Among the entries below, please repeat exactly and only the lines from the line containing "TERRA INCOGNITA 20SS 新品3D镭射标立体剪裁休闲西装长裤" to the line containing "Here's a jump-start.", both lines included.

Exercise data:
+++

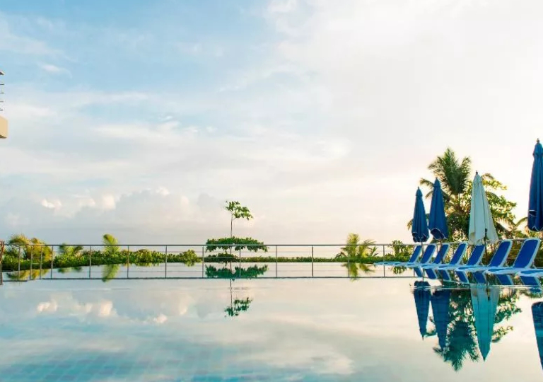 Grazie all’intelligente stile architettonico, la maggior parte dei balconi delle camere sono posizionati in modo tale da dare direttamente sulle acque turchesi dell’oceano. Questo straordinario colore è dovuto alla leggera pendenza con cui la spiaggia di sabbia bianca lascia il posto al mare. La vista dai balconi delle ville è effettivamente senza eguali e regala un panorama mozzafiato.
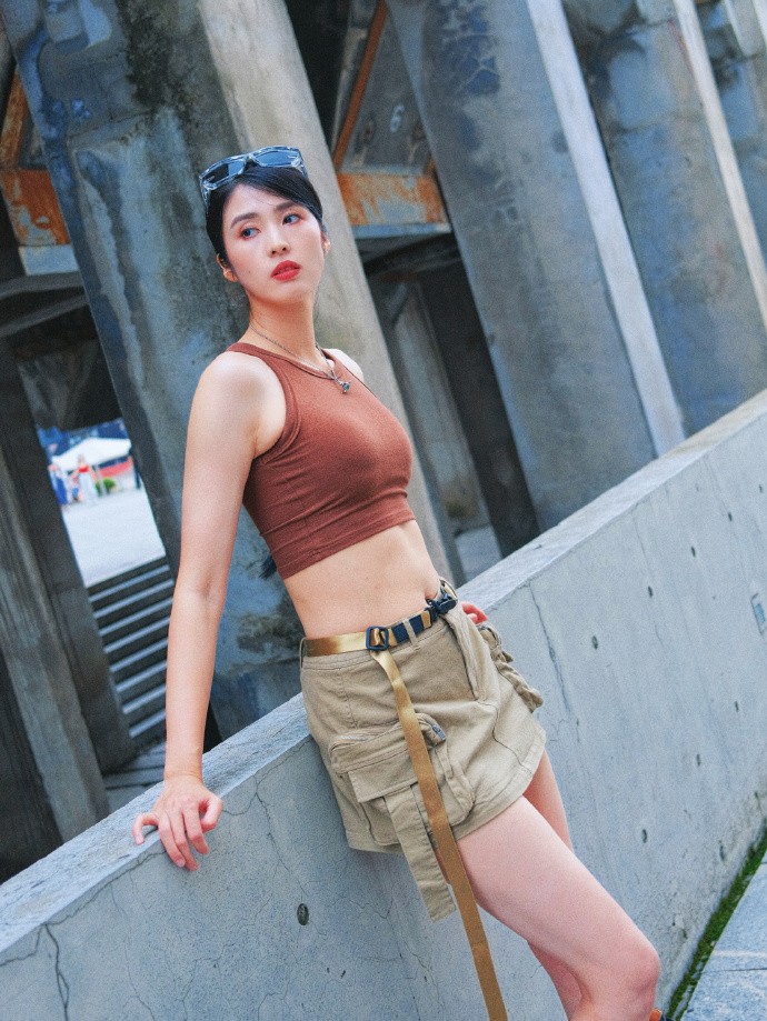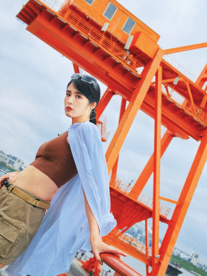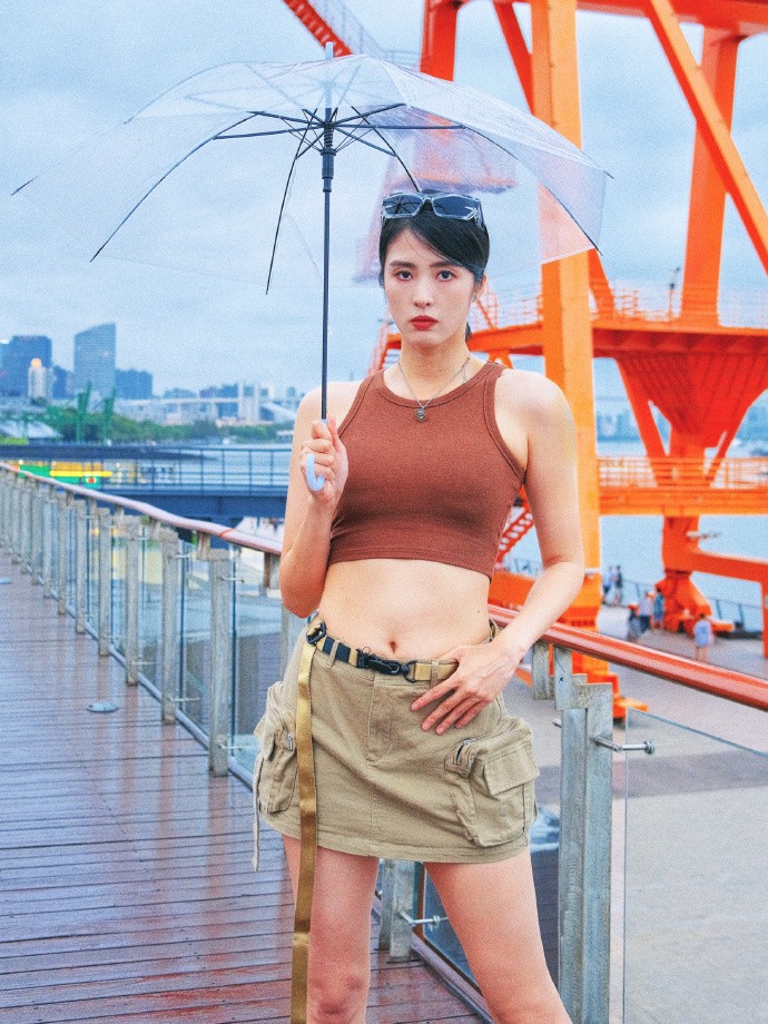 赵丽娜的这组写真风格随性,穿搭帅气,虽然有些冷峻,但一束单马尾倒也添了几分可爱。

+++

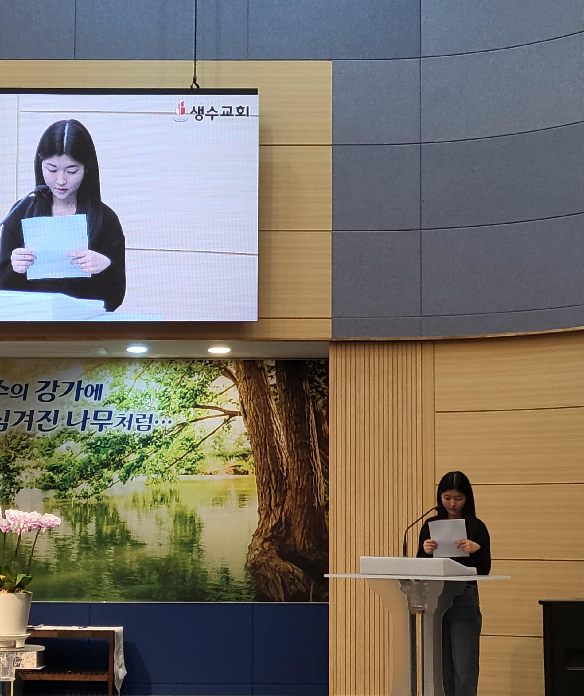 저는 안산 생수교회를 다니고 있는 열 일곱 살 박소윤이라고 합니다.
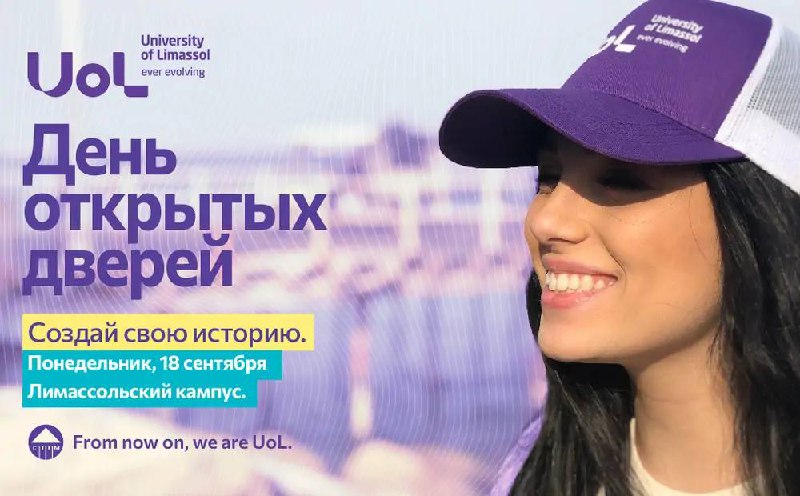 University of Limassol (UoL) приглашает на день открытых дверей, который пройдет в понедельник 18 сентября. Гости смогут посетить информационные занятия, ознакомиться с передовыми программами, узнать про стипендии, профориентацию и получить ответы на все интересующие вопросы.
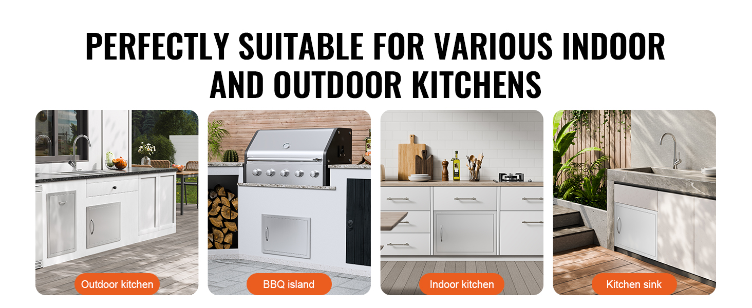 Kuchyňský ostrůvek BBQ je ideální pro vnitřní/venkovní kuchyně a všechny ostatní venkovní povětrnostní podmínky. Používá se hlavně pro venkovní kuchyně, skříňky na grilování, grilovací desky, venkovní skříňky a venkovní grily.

+++

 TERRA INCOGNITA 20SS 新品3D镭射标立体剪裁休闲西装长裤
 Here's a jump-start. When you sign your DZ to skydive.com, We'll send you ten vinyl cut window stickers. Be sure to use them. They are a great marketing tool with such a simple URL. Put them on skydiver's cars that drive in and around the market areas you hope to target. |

+++

Written solution:
 TERRA INCOGNITA 20SS 新品3D镭射标立体剪裁休闲西装长裤
 Here's a jump-start. When you sign your DZ to skydive.com, We'll send you ten vinyl cut window stickers. Be sure to use them. They are a great marketing tool with such a simple URL. Put them on skydiver's cars that drive in and around the market areas you hope to target. |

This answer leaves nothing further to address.